Input material:
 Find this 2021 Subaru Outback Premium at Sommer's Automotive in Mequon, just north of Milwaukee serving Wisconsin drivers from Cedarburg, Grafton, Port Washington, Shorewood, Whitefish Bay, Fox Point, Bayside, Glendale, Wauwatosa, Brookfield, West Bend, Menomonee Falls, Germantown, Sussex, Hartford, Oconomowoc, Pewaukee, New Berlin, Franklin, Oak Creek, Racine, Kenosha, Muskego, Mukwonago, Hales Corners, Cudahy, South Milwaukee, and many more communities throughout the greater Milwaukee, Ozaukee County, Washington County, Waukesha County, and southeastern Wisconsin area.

...

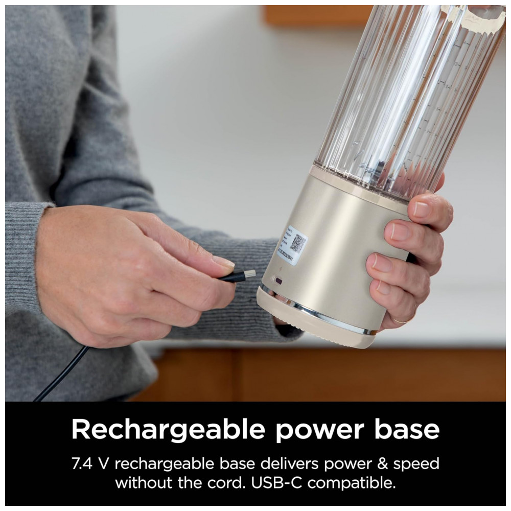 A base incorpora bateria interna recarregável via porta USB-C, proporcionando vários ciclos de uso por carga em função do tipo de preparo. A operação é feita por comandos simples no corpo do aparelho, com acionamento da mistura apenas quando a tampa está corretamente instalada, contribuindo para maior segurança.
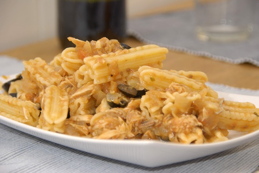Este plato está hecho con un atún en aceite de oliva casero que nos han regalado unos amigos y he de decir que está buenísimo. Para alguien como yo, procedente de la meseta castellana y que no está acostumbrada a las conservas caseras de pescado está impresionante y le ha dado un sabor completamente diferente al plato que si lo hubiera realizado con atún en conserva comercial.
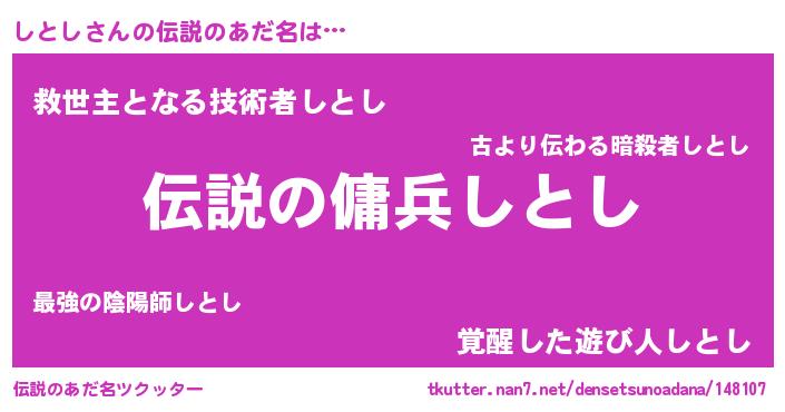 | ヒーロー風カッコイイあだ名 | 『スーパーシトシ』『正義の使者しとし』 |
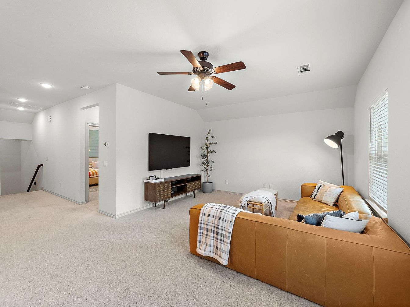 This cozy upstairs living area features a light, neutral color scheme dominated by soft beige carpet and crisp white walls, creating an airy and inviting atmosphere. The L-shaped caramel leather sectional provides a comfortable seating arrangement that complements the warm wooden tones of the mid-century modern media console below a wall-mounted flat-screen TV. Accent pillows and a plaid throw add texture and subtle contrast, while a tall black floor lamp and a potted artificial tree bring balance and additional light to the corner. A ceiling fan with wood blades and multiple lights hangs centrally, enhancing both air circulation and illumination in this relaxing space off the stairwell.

Your objective: From the data above, return exactly the lines from the one with "ヒーロー風カッコイイあだ名 | 『スーパーシトシ』『正義の使者しとし』 |" up to and including the one with "This cozy upstairs". Pictures do not go in the copy.

Result below:
 | ヒーロー風カッコイイあだ名 | 『スーパーシトシ』『正義の使者しとし』 |
 This cozy upstairs living area features a light, neutral color scheme dominated by soft beige carpet and crisp white walls, creating an airy and inviting atmosphere. The L-shaped caramel leather sectional provides a comfortable seating arrangement that complements the warm wooden tones of the mid-century modern media console below a wall-mounted flat-screen TV. Accent pillows and a plaid throw add texture and subtle contrast, while a tall black floor lamp and a potted artificial tree bring balance and additional light to the corner. A ceiling fan with wood blades and multiple lights hangs centrally, enhancing both air circulation and illumination in this relaxing space off the stairwell.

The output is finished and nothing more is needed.